Metabolomic Analysis
For this purpose, we utilized the Inflammatory Bowel Disease Multiomics Database (IBDMDB) (Proctor et al., 2019), which is a part of iHMP (HMP2 in our dataset) that contains taxonomic, metagenomic, metatranscriptomic, metaproteomic, and metabolic data comparing the microbiome in IBD subjects and healthy controls. 382 samples had both metagenomic and metaproteomic data. For metagenomic data, we utilized the microbial abundance table that resulted from our analyses and for metabolomic data we downloaded the metabolites abundance table from the IBDMDB. Next we selected taxa that overlapped between at least one disease vs. disease models, that were identified on the genus level and were present in the IBDMDB dataset. This method provided 12 different genera, 2 of which were filtered out due to study-based predictive power (Supplementary Figure 3) and 4 of which were filtered based on the missingness cutoff (a taxon of interest has to be present in at least 10% of the HMP2 samples). In the next step we correlated the abundance of the remaining 6 genera in the IBDMDB with the metabolomics table from IBDMDB by using pairwise Spearman correlation with Benjamini-Hochberg correction for multiple comparisons and selected metabolites based on correlations with an adjusted p-value cutoff of 0.05.
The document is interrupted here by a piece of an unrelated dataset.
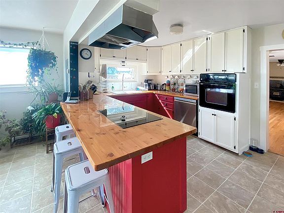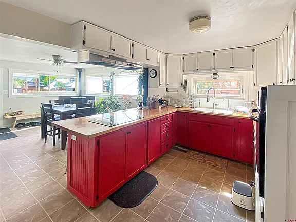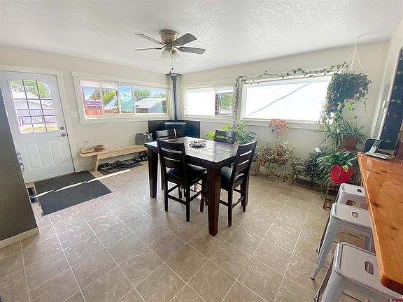 Welcome home to this adorable 3 bedroom, 2 bathroom home in Mancos, Colorado located on over a quarter acre lot. Walk in to the large main sitting room with original hardwood floors that could double as a game room. There is a large slider door that leads out to the patio space on the west side of the yard. The primary bedroom is located on the main level with an updated bathroom and large closet. Upstairs is an open loft area with the second bathroom and a bedroom on either side with multiple closets. Back downstairs the kitchen has beautiful butcher block countertops and is open to the dining space with large windows to let in plenty of natural light. A cozy family room is just off the dining room and the back door leads out to the huge backyard complete with multiple fruit trees, strawberry patch, and garden space. There is a chicken house with surrounding fence and a storage shed as well as an adorable historic cabin covered in vining virginia creeper. The cabin has power and a cellar built in under it for cold storage. There is a large concrete slab with a gate that can open to the alley access to allow for additional parking in the back and a basketball hoop. The surrounding privacy fence is sturdy and functional. The two car attached garage has extra space for tools and workbench and there is plenty of parking in front of the garage and the privacy fence opens in the front as well to allow for parking just inside the gate on the graveled area. Great space for RV parking. The current owners have put a ton of hard work and love into creating a beautiful, up to date home ready for its new owners including new stucco siding, all new Anderson windows throughout, updated bathrooms and so much more. Located on Bauer Avenue just a few blocks from the school, coffee shops, restaurants, park and more. Call for a showing today!

All relevant code used for this project has been deposited here: https://github.com/avolkova1593/autoimmunity_paper.
Results
Autoimmunity-Associated Changes in Microbial Composition
We used a standardized meta-analysis approach to collect, reprocess and integrate available metagenomics data from case-control autoimmunity studies focusing on changes in the gut microbiome from human fecal samples. Using an expansive literature search we identified a total of 132 autoimmunity studies fulfilling our criteria (Supplementary Figure 1). Following filtering based on unique data, age (2 years or older), metadata and raw file availability and sequencing depth we were able to successfully download raw (FASTQ)16S rRNA and/or shotgun metagenomics data from 42 studies, 30 with 16S rRNA sequencing data (Hevia et al., 2014; Mejía-León et al., 2014; Stoll et al., 2014; Consolandi et al., 2015; Miyake et al., 2015; Chen et al., 2016a,b; Di Paola et al., 2016; Dunn et al., 2016; Jangi et al., 2016; Mar et al., 2016; Shaw et al., 2016; Tejesvi et al., 2016; Bajer et al., 2017; Halfvarson et al., 2017; Jacob et al., 2017; Pascal et al., 2017; Goyal et al., 2018; Luo et al., 2018; Manasson et al., 2018; Moris et al., 2018; Braun et al., 2019; Kozhieva et al., 2019; Lee et al., 2019; Li et al., 2019; Ruff et al., 2019; Sprockett et al., 2019; Sun et al., 2019; Zegarra-Ruiz et al., 2019; Choileáin et al., 2020) and 9 studies with shotgun metagenomics data (Lewis et al., 2015; Heintz-Buschart et al., 2016; Ananthakrishnan et al., 2017; Hall et al., 2017; Wen et al., 2017; Ye et al., 2018; Proctor et al., 2019; Ventura et al., 2019; Zhou et al., 2020), and 3 studies with both (Scher et al., 2013; Cekanaviciute et al., 2017; Connors et al., 2020; Supplementary Table 1 and Supplementary Figure 1). These included studies on Inflammatory Bowel Disease (IBD, N = 14), Multiple Sclerosis (MS, N = 7), Rheumatoid Arthritis (RA, N = 5), Juvenile Idiopathic Arthritis (JIA, N = 3), Systemic Lupus Erythematosus (SLE, N = 3), Type 1 Diabetes (T1D, N = 2), Behcet’s Syndrome (BS, N = 2), Ankylosing Spondylitis (AS, N = 2), Antiphospholipid Syndrome (APS, N = 1), Primary Sclerosing Cholangitis (PSC, N = 1), Myasthenia Gravis (MG, N = 1) and Reactive Arthritis (ReA, N = 1) (Figure 1 showing 16S study Ns, Supplementary Figure 2 showing metagenomic study Ns). Three additional studies with healthy subjects were included to balance the disease and non-diseased cohorts (Supplementary Tables 1, 2).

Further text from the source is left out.